1020 Tree Traversals (25 point(s))
Suppose that all the keys in a binary tree are distinct positive integers. Given the postorder and inorder traversal sequences, you are supposed to output the level order traversal sequence of the corresponding binary tree.
Input Specification:
Each input file contains one test case. For each case, the first line gives a positive integer N (≤30), the total number of nodes in the binary tree. The second line gives the postorder sequence and the third line gives the inorder sequence. All the numbers in a line are separated by a space.
Output Specification:
For each test case, print in one line the level order traversal sequence of the corresponding binary tree.
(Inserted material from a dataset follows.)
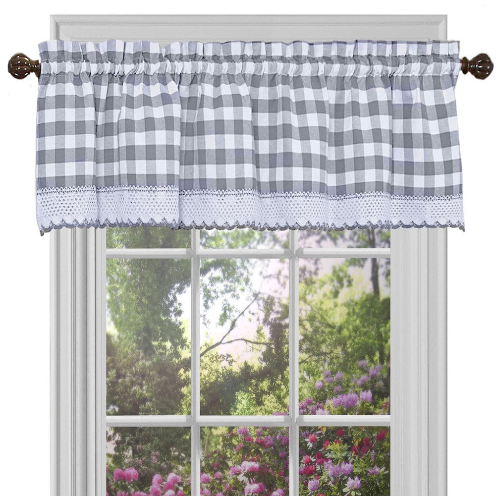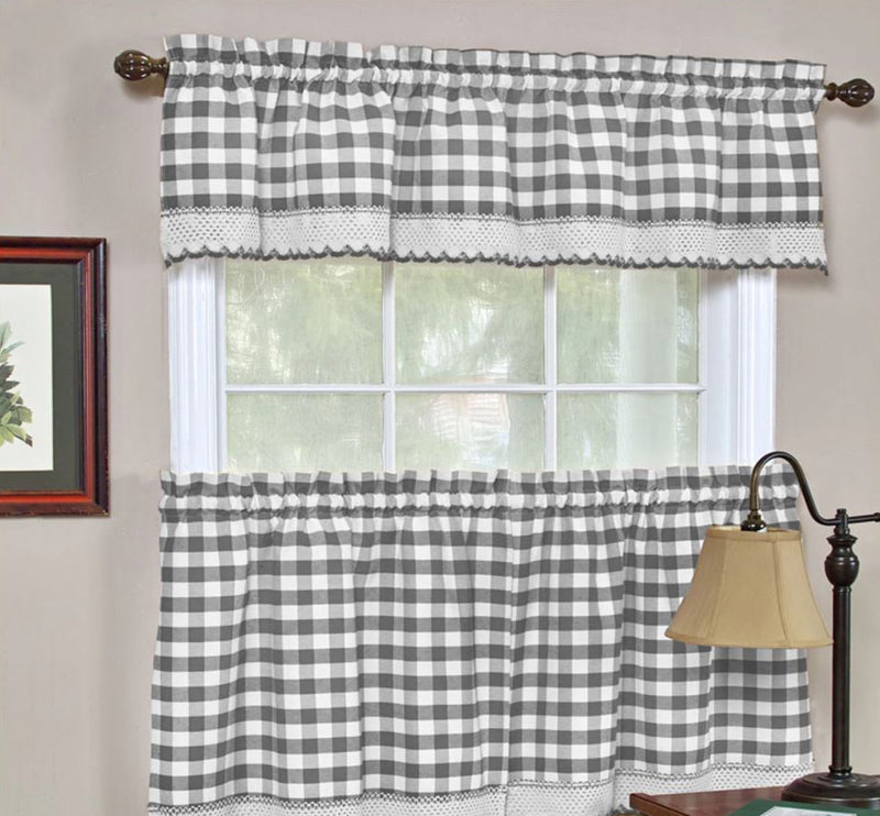 The Buffalo Check Gingham Kitchen Curtain is a classic, high quality linen furnishing. This decorative window treatment is styled in a timeless country design. The valance and tiers are trimmed with an embossed lace detail that will enhance the look of any room. Simple yet elegant and fabricated with the finest cotton and polyester fibers. The premium poly-cotton blend feels wonderful, thick but light, the right combination to accommodate any setting. Achim's Buffalo Check fits on most standard or decorative rods and is durable. Overall it is truly a beautiful, classic piece that will withstand the test of time. Care Instructions: Machine wash cold, delicate cycle, mild detergent, tumble dry low. Do not bleach and warm iron if needed. Materials: 60% Polyester and 40% Cotton. Valance Size: 58x14 Inches. Tier Size: 58x36 Inches. (Fits windows up to 36 Inches wide.) Package Color: Grey. Product Colors: Grey and White.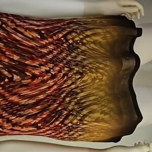3/$30 Vtg AXCESS Brown Ombre Swirl Mesh Overlay Short Sleeve Scoop Neck Blouse

All the numbers in a line must be separated by exactly one space, and there must be no extra space at the end of the line.
Sample Input:
7
2 3 1 5 7 6 4
1 2 3 4 5 6 7
Sample Output:
4 1 6 3 5 7 2
Example:
#include<iostream>
#include<vector>
#include<queue>
using namespace std;
struct Order {
int postBegin;
int postEnd;
int inBegin;
int inEnd;
};
int main()
{
int N;
cin >> N;
if(N == 0) return 0;
vector<int> postOrder(N);
vector<int> inOrder(N);
for(int i = 0; i < N; i++) cin >> postOrder[i];
for(int i = 0; i < N; i++) cin >> inOrder[i];
queue<Order> Q;
Q.push({0, N, 0, N});
int count = 0;
while(!Q.empty()) {
Order &x = Q.front();
int root = postOrder[x.postEnd-1];
cout << (count++==0 ? "" : " ") << root;
if(x.inEnd - x.inBegin > 1) {
int i = x.inBegin;
while(i < x.inEnd) {
if(inOrder[i] == root) break;
i++;
}
int left = i - x.inBegin;
if(left > 0)
Q.push({x.postBegin, x.postBegin+left, x.inBegin, x.inBegin+left});
int right = x.inEnd - i - 1;
if(right > 0)
Q.push({x.postBegin+left, x.postEnd-1, x.inBegin+left+1, x.inEnd});
}
Q.pop();
}
}
思路:
后根遍历的最后一位是树根,中根遍历在树根前是左子树,后面是右子树;
判断子数结点数大于0,则进队等候处理